■ **Task details**: Apart from the pictures, reproduce the data below exactly as it stands.

■ **Given information**:
*** Begin section ***

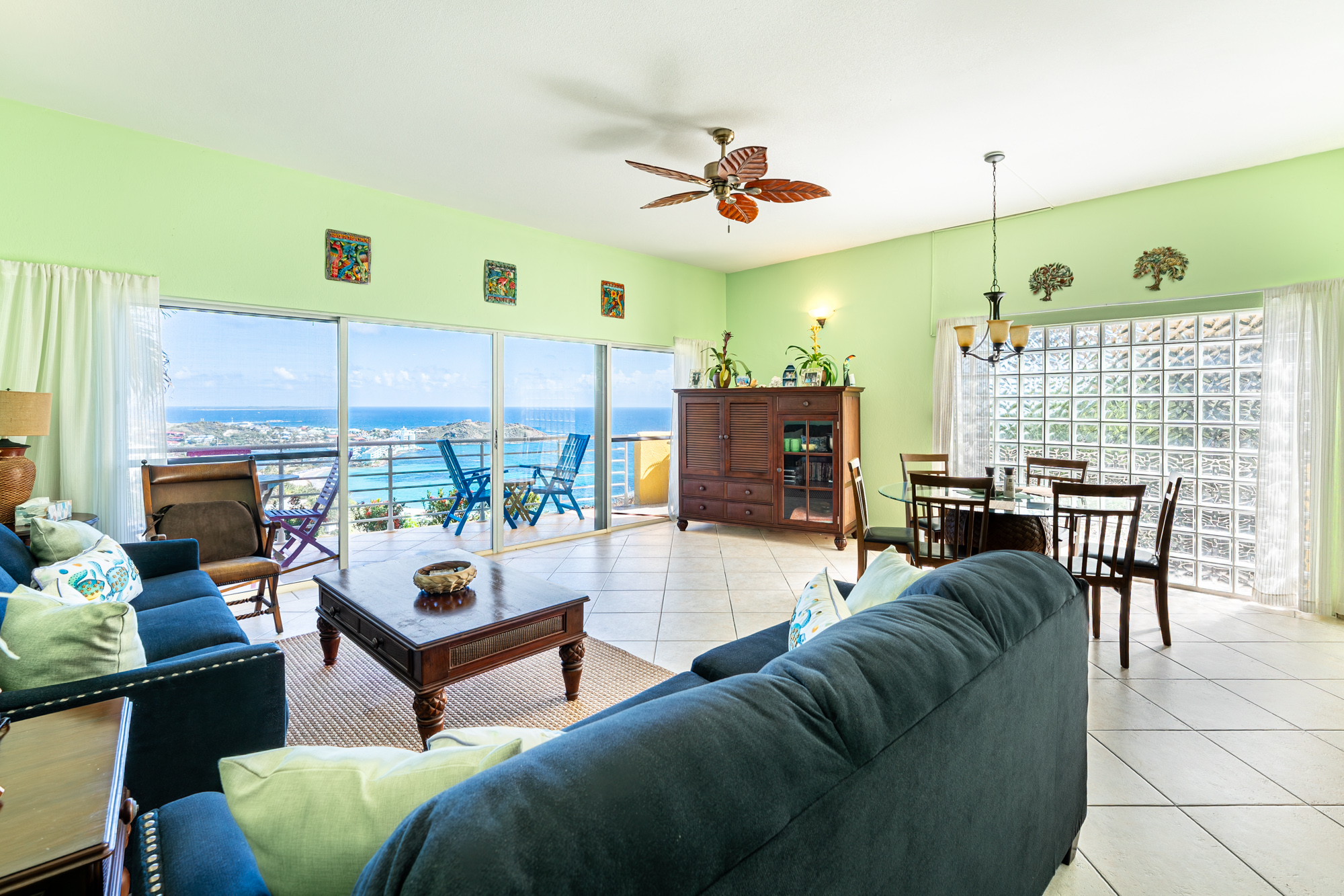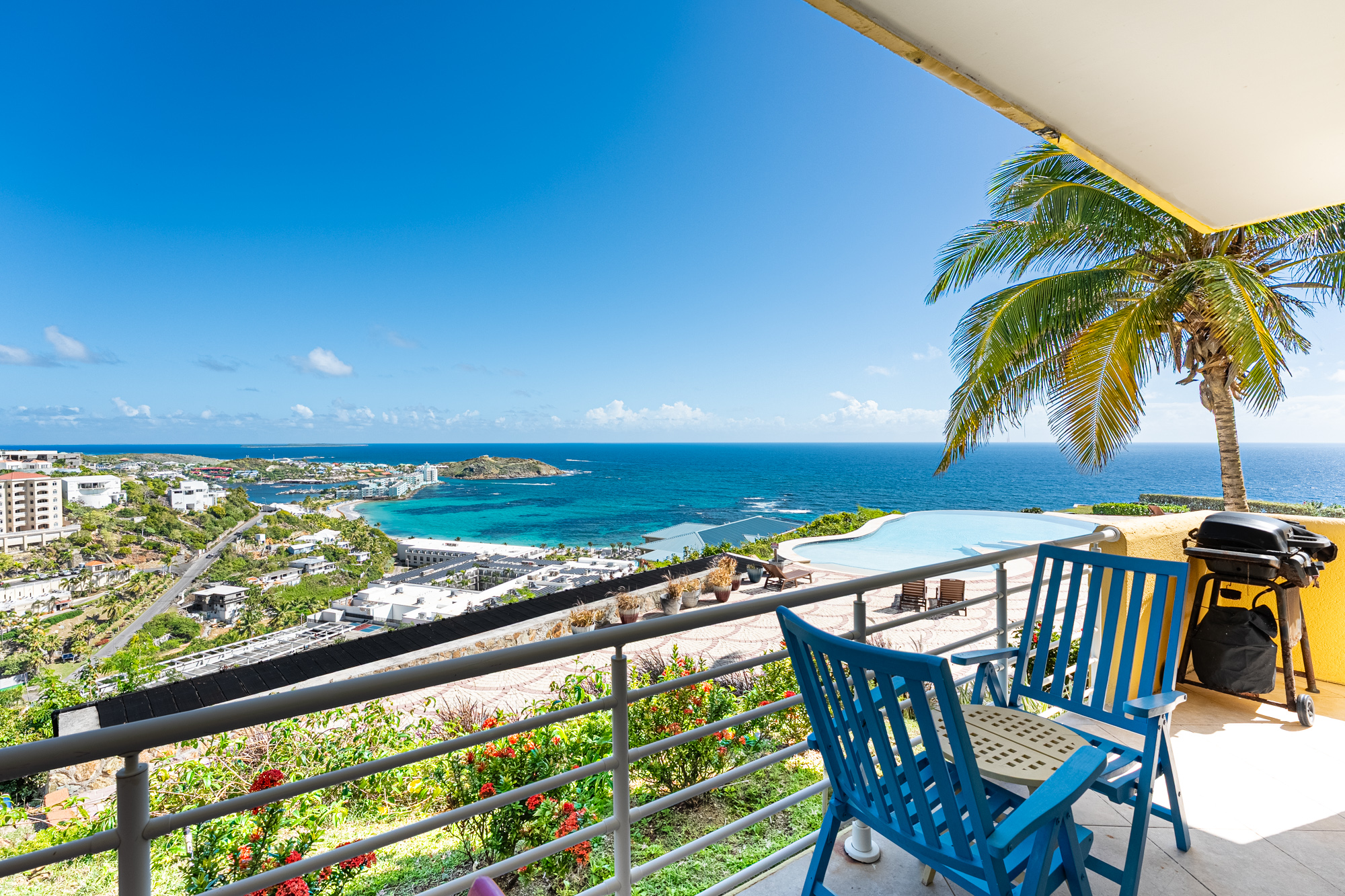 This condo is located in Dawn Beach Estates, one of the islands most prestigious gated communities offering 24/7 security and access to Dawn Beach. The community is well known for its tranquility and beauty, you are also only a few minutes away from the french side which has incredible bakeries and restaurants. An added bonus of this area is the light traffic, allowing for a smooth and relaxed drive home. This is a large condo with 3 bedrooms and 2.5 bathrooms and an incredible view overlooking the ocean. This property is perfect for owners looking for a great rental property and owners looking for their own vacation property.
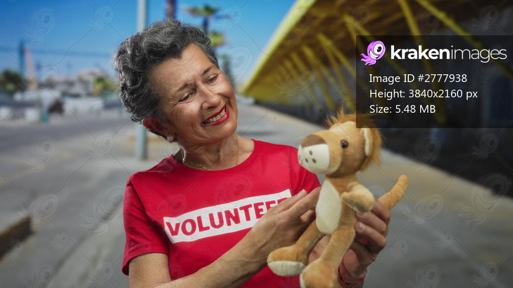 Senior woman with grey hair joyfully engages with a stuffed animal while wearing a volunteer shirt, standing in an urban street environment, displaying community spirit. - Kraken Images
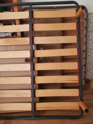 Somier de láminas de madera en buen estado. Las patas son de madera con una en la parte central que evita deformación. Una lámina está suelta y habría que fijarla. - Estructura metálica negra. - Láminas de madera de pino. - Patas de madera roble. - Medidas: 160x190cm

*** End section ***

■ **Result of this exercise**:
 This condo is located in Dawn Beach Estates, one of the islands most prestigious gated communities offering 24/7 security and access to Dawn Beach. The community is well known for its tranquility and beauty, you are also only a few minutes away from the french side which has incredible bakeries and restaurants. An added bonus of this area is the light traffic, allowing for a smooth and relaxed drive home. This is a large condo with 3 bedrooms and 2.5 bathrooms and an incredible view overlooking the ocean. This property is perfect for owners looking for a great rental property and owners looking for their own vacation property.
 Senior woman with grey hair joyfully engages with a stuffed animal while wearing a volunteer shirt, standing in an urban street environment, displaying community spirit. - Kraken Images
 Somier de láminas de madera en buen estado. Las patas son de madera con una en la parte central que evita deformación. Una lámina está suelta y habría que fijarla. - Estructura metálica negra. - Láminas de madera de pino. - Patas de madera roble. - Medidas: 160x190cm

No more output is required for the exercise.